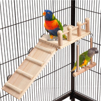 FrgKbTm Bird Perches Platform Swing with Climbing Ladder, Parakeet Cage Accessories Wooden Playing Gyms Exercise Sturdy for Smal
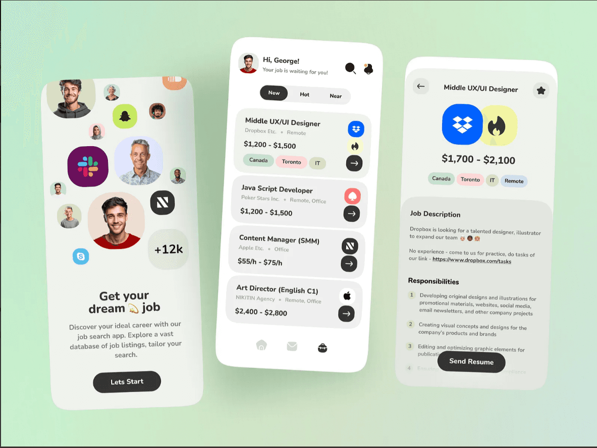 Color & Theme: Discussing the application of distinct themes—the vibrant, high-contrast look for the Talent Platform, the warm, minimalist tones for the Food Ordering App, the clean white space for the Job Search App, and the focused dark mode for the Health Widgets.
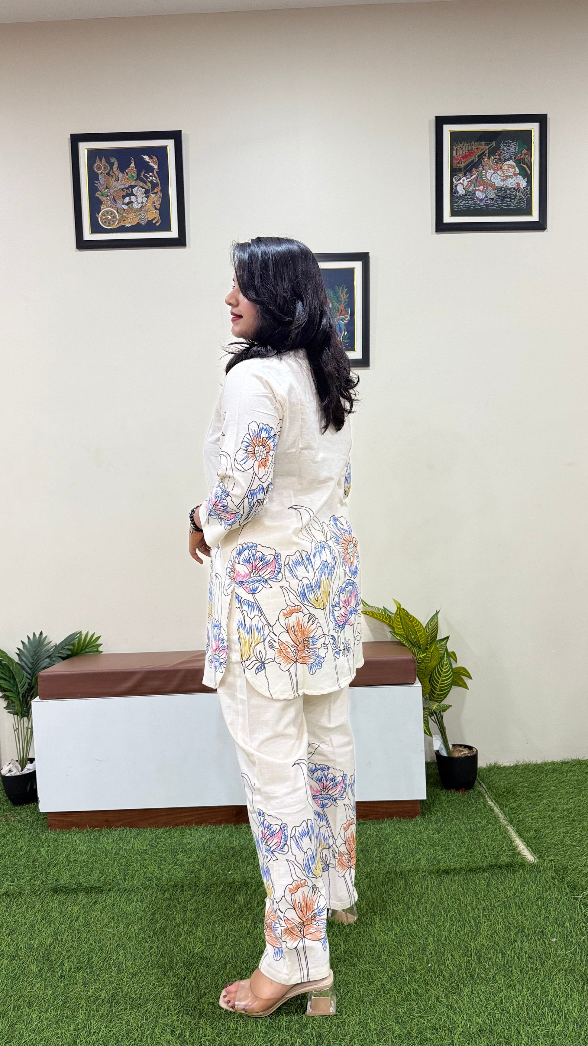 This women's cotton flex co-ord set is thoughtfully designed for effortless summer style, combining breathable comfort with a modern silhouette. Crafted from lightweight pure cotton flex, the set offers a soft, airy texture ideal for warm weather, making it a go-to choice for casual outings, travel, or laid-back gatherings.

_Task objective_:
Write out the listing above in full, word for word, with no pictures.

_Response_:
 FrgKbTm Bird Perches Platform Swing with Climbing Ladder, Parakeet Cage Accessories Wooden Playing Gyms Exercise Sturdy for Smal
 Color & Theme: Discussing the application of distinct themes—the vibrant, high-contrast look for the Talent Platform, the warm, minimalist tones for the Food Ordering App, the clean white space for the Job Search App, and the focused dark mode for the Health Widgets.
 This women's cotton flex co-ord set is thoughtfully designed for effortless summer style, combining breathable comfort with a modern silhouette. Crafted from lightweight pure cotton flex, the set offers a soft, airy texture ideal for warm weather, making it a go-to choice for casual outings, travel, or laid-back gatherings.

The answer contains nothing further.